■ **AIM OF THE TASK**: Pictures stay out of the output. Return exactly the lines below from the one with "예수님께서 부활하신 부활절은" down to the one with "Tabla 1. Indicadores", both included, and nothing more.

■ **GIVEN RECORDS**:
+---+

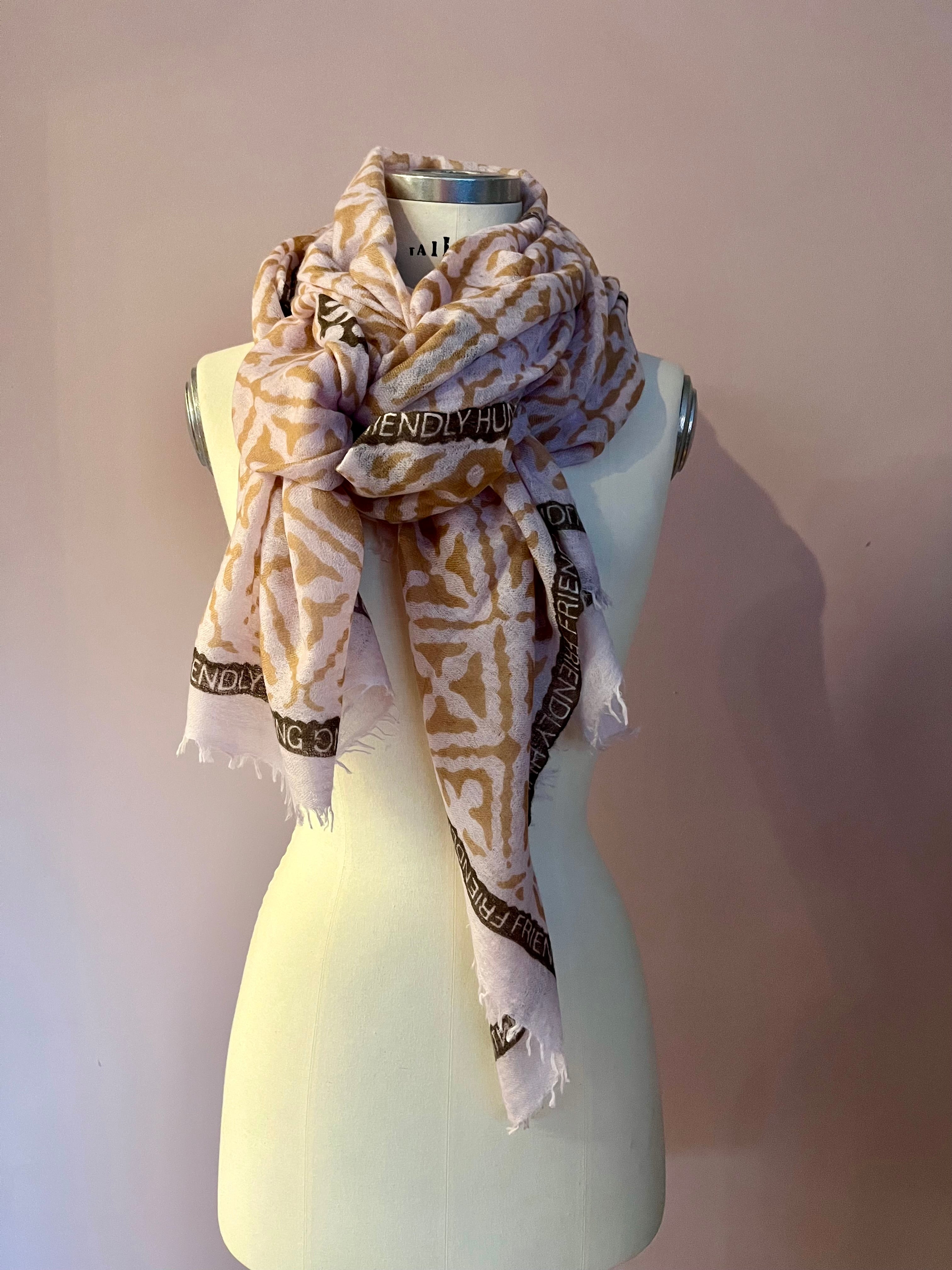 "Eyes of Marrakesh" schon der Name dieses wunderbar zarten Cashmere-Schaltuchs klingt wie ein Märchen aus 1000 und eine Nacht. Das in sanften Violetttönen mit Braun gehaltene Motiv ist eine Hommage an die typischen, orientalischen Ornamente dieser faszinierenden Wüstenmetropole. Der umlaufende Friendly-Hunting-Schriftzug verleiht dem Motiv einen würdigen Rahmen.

+---+

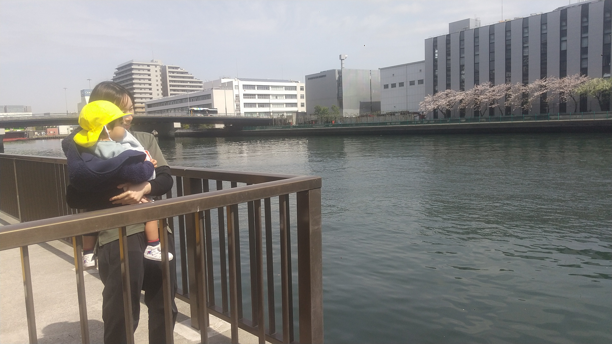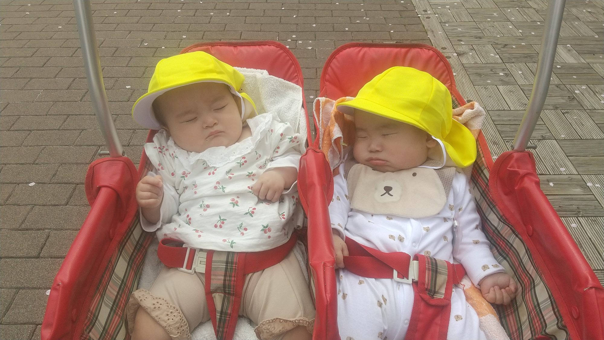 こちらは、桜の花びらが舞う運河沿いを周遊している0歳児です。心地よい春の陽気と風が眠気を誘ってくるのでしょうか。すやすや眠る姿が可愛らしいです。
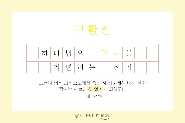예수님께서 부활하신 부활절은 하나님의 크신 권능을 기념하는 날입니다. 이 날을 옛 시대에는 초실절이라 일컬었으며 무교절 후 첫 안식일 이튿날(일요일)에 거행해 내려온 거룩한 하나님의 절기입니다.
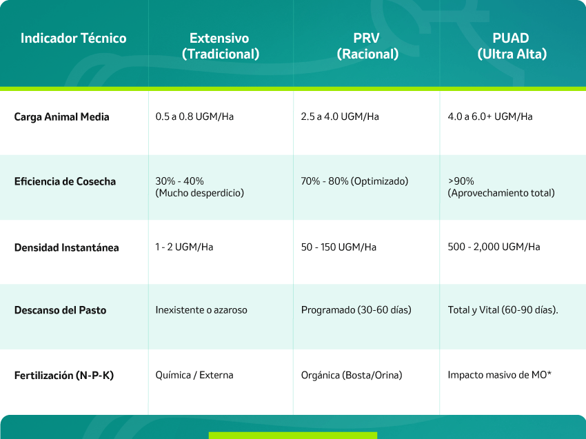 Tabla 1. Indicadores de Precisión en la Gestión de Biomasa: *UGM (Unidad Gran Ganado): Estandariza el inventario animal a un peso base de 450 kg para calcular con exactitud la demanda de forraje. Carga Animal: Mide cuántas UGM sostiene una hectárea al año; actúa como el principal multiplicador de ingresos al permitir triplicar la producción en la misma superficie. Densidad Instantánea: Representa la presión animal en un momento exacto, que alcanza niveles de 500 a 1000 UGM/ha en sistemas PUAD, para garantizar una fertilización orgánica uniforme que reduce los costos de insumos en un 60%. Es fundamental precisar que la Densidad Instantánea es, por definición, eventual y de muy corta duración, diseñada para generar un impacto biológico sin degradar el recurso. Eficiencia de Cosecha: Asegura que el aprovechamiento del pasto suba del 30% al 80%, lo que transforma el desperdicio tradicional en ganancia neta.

+---+

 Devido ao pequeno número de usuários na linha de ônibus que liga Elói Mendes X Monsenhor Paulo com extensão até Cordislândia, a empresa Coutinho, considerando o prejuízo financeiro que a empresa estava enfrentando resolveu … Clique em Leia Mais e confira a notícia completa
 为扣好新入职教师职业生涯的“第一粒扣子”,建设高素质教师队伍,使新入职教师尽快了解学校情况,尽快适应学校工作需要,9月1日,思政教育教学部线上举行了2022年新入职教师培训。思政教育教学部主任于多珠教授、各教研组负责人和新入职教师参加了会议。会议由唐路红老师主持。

+---+

■ **TASK OUTPUT**:
예수님께서 부활하신 부활절은 하나님의 크신 권능을 기념하는 날입니다. 이 날을 옛 시대에는 초실절이라 일컬었으며 무교절 후 첫 안식일 이튿날(일요일)에 거행해 내려온 거룩한 하나님의 절기입니다.
 Tabla 1. Indicadores de Precisión en la Gestión de Biomasa: *UGM (Unidad Gran Ganado): Estandariza el inventario animal a un peso base de 450 kg para calcular con exactitud la demanda de forraje. Carga Animal: Mide cuántas UGM sostiene una hectárea al año; actúa como el principal multiplicador de ingresos al permitir triplicar la producción en la misma superficie. Densidad Instantánea: Representa la presión animal en un momento exacto, que alcanza niveles de 500 a 1000 UGM/ha en sistemas PUAD, para garantizar una fertilización orgánica uniforme que reduce los costos de insumos en un 60%. Es fundamental precisar que la Densidad Instantánea es, por definición, eventual y de muy corta duración, diseñada para generar un impacto biológico sin degradar el recurso. Eficiencia de Cosecha: Asegura que el aprovechamiento del pasto suba del 30% al 80%, lo que transforma el desperdicio tradicional en ganancia neta.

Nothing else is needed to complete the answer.